It sounds like what you really want is something like Levenshtein distance (but not exactly that).
Here's a first cut.
What it does is walk the game tree of all possible rearrangements of a to see if they match b.
It associates a cost with each rearrangement, expressed as a declining budget.
The outer loop walks first with a budget of 0, so only an exact match is allowed.
If it got no success, then it walks with a budget of 1, finding all matches containing only one rearrangement.
If it got no success, then it walks with a budget of 2, and so on.
As it matches, it keeps an array of integers delta, telling how far each element of a has been swapped.
Whenever it gets a success, it somwhow prints out that delta array, and that is your record of what swaps were done to get that match.

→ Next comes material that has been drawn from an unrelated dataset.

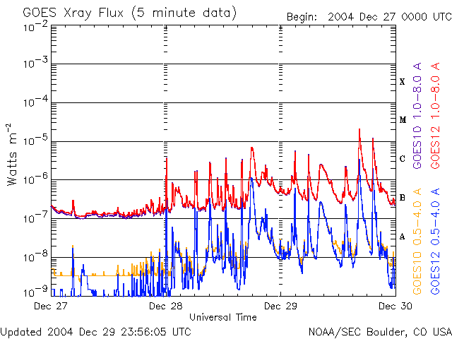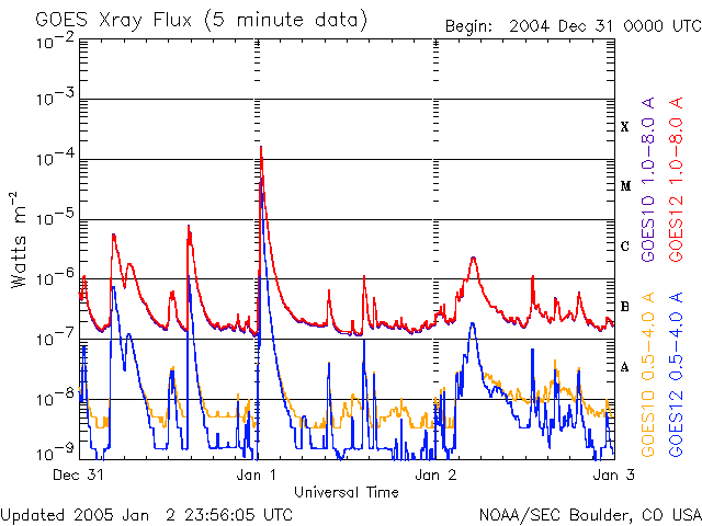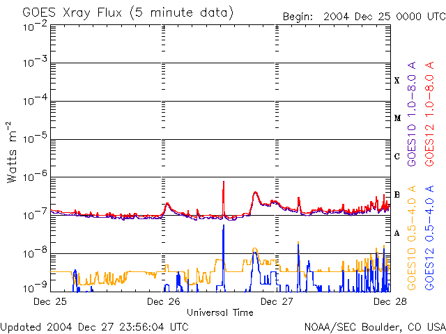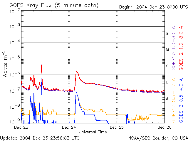 On December 24th there was a noticeable spike, a "C" flare and then quickly dropped off to low levels.

void walk(char* a, char* b, int* delta, int budget, int& nSuccess){
delta[0] = 0;
if (budget < 0) return;
if (a[0] == '\0' && b[0] == '\0'){ // end of both strings
nSuccess++;
// print out the deltas
return;
}
if (a[0] == '\0') return; // excess chars in b
if (b[0] == '\0') return; // excess chars in a
if (a[0] == b[0]){ // first chars are equal, move to next
walk(a+1, b+1, delta+1, budget, nSuccess);
return;
}
for (int i = 1; a[i] != '\0'; i++){
delta[0] = i;
swap(a[0], a[i]);
if (a[0] == b[0]){
walk(a+1, b+1, delta+1, budget-1, nSuccess);
}
swap(a[0], a[i]);
delta[0] = 0;
}
}
void top(char* a, char* b){
int nSuccess = 0;
int delta[512];
for (int budget = 0; nSuccess==0; budget++){
walk(a, b, budget, delta, nSuccess);
}
}
The performance of the algorithm is exponential in N, where N is the minimum number of rearrangements needed to make the strings match.
So it probably should not be used until after you've verified that each strings has the same number of each character,
and only use it if you need to see that record of rearrangements.